Fund V is structured with a five-year investment period and a total fund life of twelve years. The firm expects to deploy capital into approximately 20-25 platform investments, with initial check sizes ranging from $40 million to $200 million and reserving approximately 40% of committed capital for follow-on investments in existing portfolio companies.

The disciplined deployment pace reflects lessons learned from the 2020-2021 vintage years, when rapid capital deployment at elevated valuations created headwinds for subsequent performance. Bregal Sagemount plans to invest at a measured pace of 4-6 new platforms annually, maintaining pricing discipline even if it means passing on competitive processes.

"We're not in the business of marking up portfolios on paper," Chen emphasized. "Our goal is to generate realizations that return capital to LPs with compelling risk-adjusted returns. That requires patience, selectivity, and a willingness to walk away when valuations don't align with fundamental value creation potential."

Industry Implications and Competitive Dynamics

The successful close of Fund V at hard cap signals continued LP appetite for growth equity strategies despite broader challenges in private market fundraising. However, the landscape remains highly competitive, with multiple dynamics reshaping the sector:

First, the proliferation of growth-stage capital has created pressure on returns as more firms compete for a relatively finite set of high-quality companies. PitchBook data indicates that the number of growth equity funds with over $1 billion in assets under management has increased from 23 in 2018 to 67 in 2026, intensifying competition for deal access and talent.

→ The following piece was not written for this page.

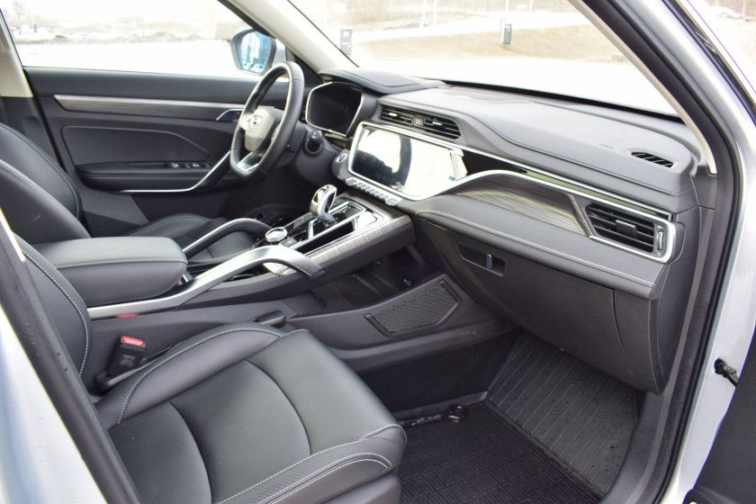 В салоне — эргономичная обивка из кожи, которая придаёт интерьеру солидный вид. Водительское сиденье регулируется электрорегулировками, включая настройку по высоте, а руль можно настроить по высоте и вылету — это позволяет подобрать оптимальное положение для вождения. Подогрев всех сидений, обогрев рулевого колеса и зеркал, а также обогрев зоны стеклоочистителей и форсунок стеклоомывателей делают поездки комфортными даже в холодное время года.

Second, public market volatility and the challenged IPO environment have extended hold periods, requiring growth investors to demonstrate value creation beyond multiple expansion. The median time from investment to exit for growth equity-backed companies has increased from 3.2 years in 2020 to 4.8 years in 2025, placing greater emphasis on operational improvements and organic revenue growth.

Third, the rise of continuation funds and secondary transactions has created new liquidity mechanisms but also complexity in portfolio construction and LP alignment. Several large growth firms have faced LP pushback on continuation vehicle structures perceived as delaying realizations or creating conflicts of interest.

Exit Route

2021 Distribution

2025 Distribution

Trend

IPO

22%

8%

Strategic M&A

41%

47%

Sponsor-to-Sponsor

31%

35%

Continuation Fund

6%

10%

Outlook and Strategic Positioning

As Bregal Sagemount begins deploying Fund V, the firm faces both opportunities and headwinds characteristic of the current market environment. On the positive side, valuation compression and increased founder focus on profitability and sustainable unit economics have created a more favorable investment landscape than existed in 2020-2021.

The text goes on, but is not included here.